▶ _Problem description_
A faithful transcription is wanted of the lines from the top of the material through the line that holds "Veuillez noter que", both ends included, leaving out the pictures.

▶ _Input data_
:::

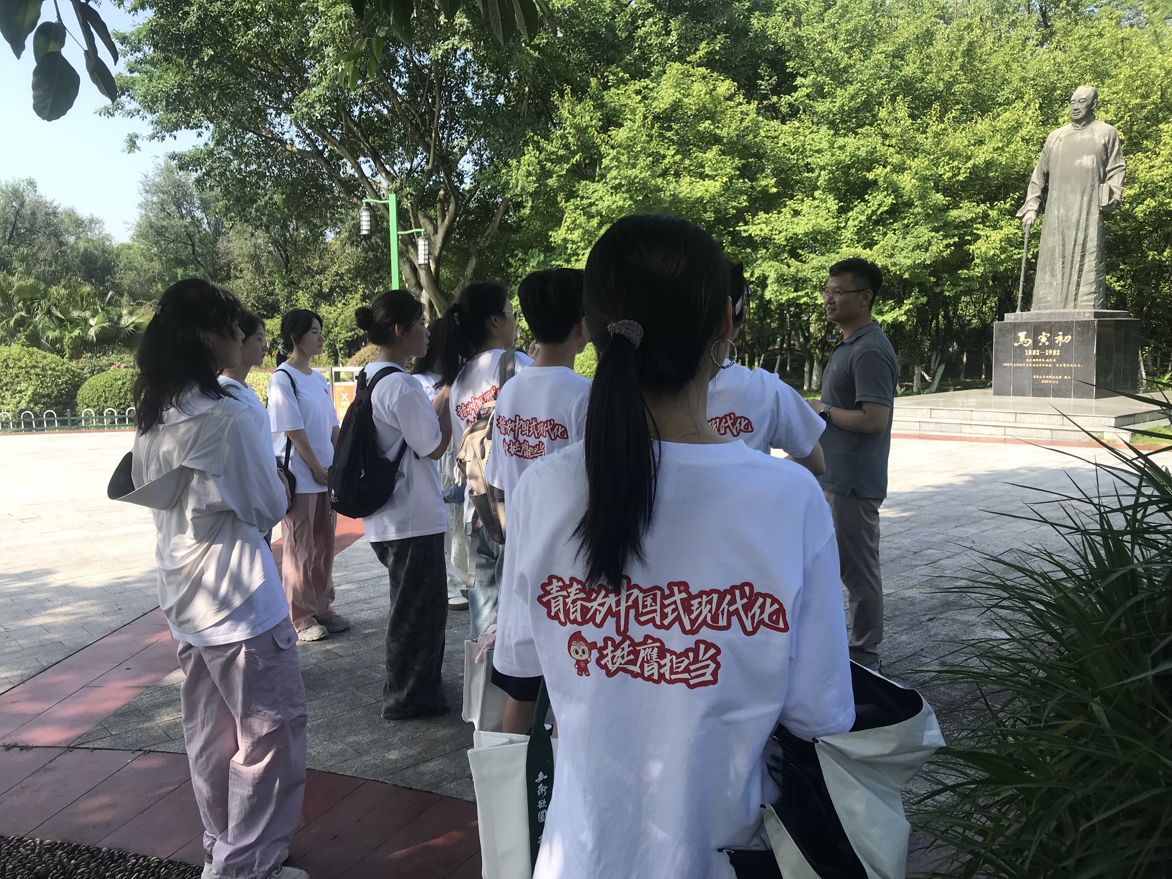 在重庆大学马寅初先生的雕塑前,严富华副经理为实践团成员们分享了他在重庆大学期间的学习、科研和实践经历,并讲解了重庆大学的校训:耐劳苦、尚俭朴、勤学业、爱国家。他的讲述引人入胜,使实践团成员们深受启发,大家踊跃发言,互相交流感想。
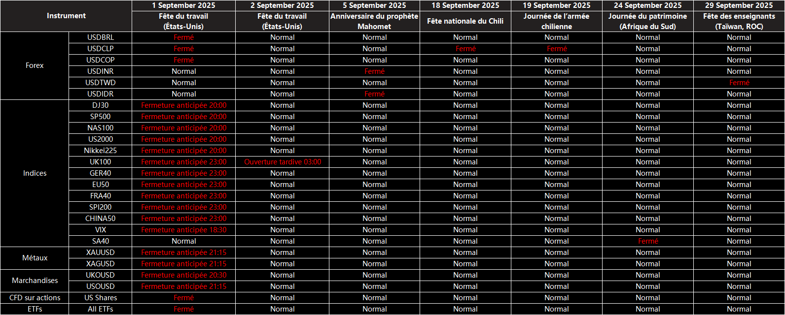 Veuillez noter que les horaires de trading et les heures de session de marché des instruments suivants seront affectés par les par les prochaines vacances de septembre.
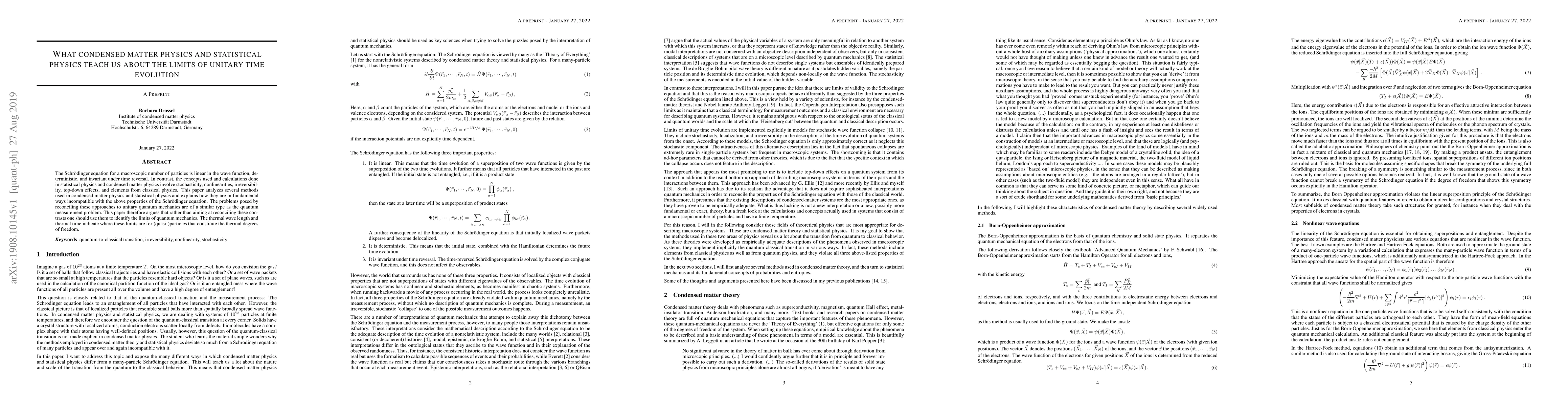 The Schrodinger equation for a macroscopic number of particles is linear in the wave function, deterministic, and invariant under time reversal. In contrast, the concepts used and calculations done in statistical physics and condensed matter physics involve stochasticity, nonlinearities, irreversibility, top-down effects, and elements from classical physics. This paper analyzes several methods used in condensed matter physics and statistical physics and explains how they are in fundamental ways incompatible with the above properties of the Schrodinger equation. The problems posed by reconciling these approaches to unitary quantum mechanics are of a similar type as the quantum measurement problem. This paper therefore argues that rather than aiming at reconciling these contrasts one should use them to identify the limits of quantum mechanics. The thermal wave length and thermal time indicate where these limits are for (quasi-)particles that constitute the thermal degrees of freedom.

:::

▶ _Response to the task_
 在重庆大学马寅初先生的雕塑前,严富华副经理为实践团成员们分享了他在重庆大学期间的学习、科研和实践经历,并讲解了重庆大学的校训:耐劳苦、尚俭朴、勤学业、爱国家。他的讲述引人入胜,使实践团成员们深受启发,大家踊跃发言,互相交流感想。
 Veuillez noter que les horaires de trading et les heures de session de marché des instruments suivants seront affectés par les par les prochaines vacances de septembre.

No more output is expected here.